Gleichzeitig ist die Wahl der Muslima zunächst als Vermittlerin göttlichen Trostes im Rahmen
einer christlichen Jahreslosung in vielfacher Hinsicht spannungsreich. Sie verneint
exklusivistisches Heilsverständnis und knüpft im Hinblick auf Gottesbegegnung an dem
Menschen und nicht an dessen religiös-kultischen Einbindung an. Es ist eine Absage an
patriarchische Strukturen in jedweder Gesellschaft und diese Absage ergibt sich nicht etwa aus
einer überspitzten Interpretation des Textes, sondern ist dem Text selbst immanent. Dabei soll
auch ruhig Galater 3, 28 mitklingen. Zum Schluss und mit dem ähnlichen Gedanken ist ihr auch
tendenziell ein Gedanke von Allerlösung beigestellt: Dem Grunde nach ließe sich die Muslima
auch schlicht als Sinnbild von für göttlichen Trost verstehen, das zwar auch die eben
vorangestellten Intentionen ebenso gut ausfüllen würde, jedoch als bloßes Sinnbild nicht den
Ausdruck enthält, dass Gott selbst uns trösten will – genau dahin geht nach meinem Verständnis
aber der Zuspruch und nicht etwa in eine fast humanistische Auslegung von Matthäus 25, 40.
Die Darstellung göttlicher Präsenz in der Trostgeste wird hier durch die angedeuteten Stigmata
an den Händen der Muslima deutlich und sind gleichzeitig die größte Provokation, denn in ihr
liegt wohl eine Überlagerung von muslimischer Religion und Christi Ich-bin-Wort von Weg,
Wahrheit und Leben, welches wohl nach weiter Ansicht den Glauben an Jesus Christus als
„Teil“ des dreieinigen Gottes bedingungslos einfordern. Die damit aufgeworfene Frage: „Kann
Jesus Christus und damit Gott selbst in einer muslimischen Mutter nicht bloß sinnbildhaft,
sondern realpräsent sein?“ bleibt in dem Bild offen, schwebt über der gesamten Deutung und
soll an dieser Stelle auch keine Antwort finden. Diese Frage allein beinhaltet jedoch m. E. die
erwünschte göttliche Mächtigkeit des Bildes.
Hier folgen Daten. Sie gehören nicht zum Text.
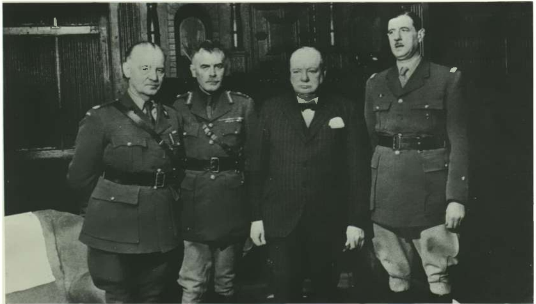
Des visiteurs éminents au quartier-général du Corps d'armée canadien, Headley Court (Surrey) 1941. De g. à d.: le général Sikorski, le lieut.-gén. A. G. L. McNaughton, Winston Churchill, le général Charles de Gaulle.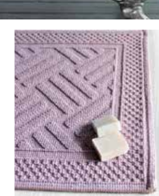
Sierra Cotton Bath Mat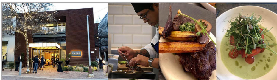
Savor Student Restaurant

For a clickable link to San Antonio tourist information, visit the ACPC web site at http://www.polishcultureacpc.org/Conv_2022/

In Bezug auf die Frage nach der Allerlösung sei ein Spruch meines alten Religionslehrers
rezitiert: „Ein Narr, der sie predigt! Ein Esel, der nicht daran glaubt!“ Denn: Absolute
Bedingungslosigkeit und damit die in der Freiheit eines Christenmenschen angesprochene
größte Wirkung an überfließender Liebe kann die göttliche Liebe nur entfalten, wenn sie auf
den plakativen Vorwurf: „Du kannst ja machen was du willst, Gott vergibt dir nach deinem
Glauben ja eh alles!“ antwortet mit: „Ja!“2
Der Austausch der Worte „will“ durch „werde“ ist im Grunde ein Versehen. Im Nachhinein
empfinde ich aber, dass diese Wortwahl den Zuspruch der Losung unterstreicht. Die Trennung
der Textteile begründet sich darin, dass ich den ersten Teil dem noch distanzierten rein
göttlichen Zuspruch zuschreibe, wohingegen der zweite anthropomorphe Teil die weltliche
Gestalt des Trostes anzeigt und sich damit voll in die abgebildete Szene der Muslima eingeben
sollte.
B. Skopus
Lasst uns gespannt und aufmerksam sein, wie Gottes ganz persönlicher und realer Trost uns
erreichen wird.
2
Dieser letzte Abschnitt dient im Wesentlichen nicht der Interpretation des Bildes, stellt aber meinen
persönlichen Hintergrund dar, vor dem das Bild nun mal gemalt wurde.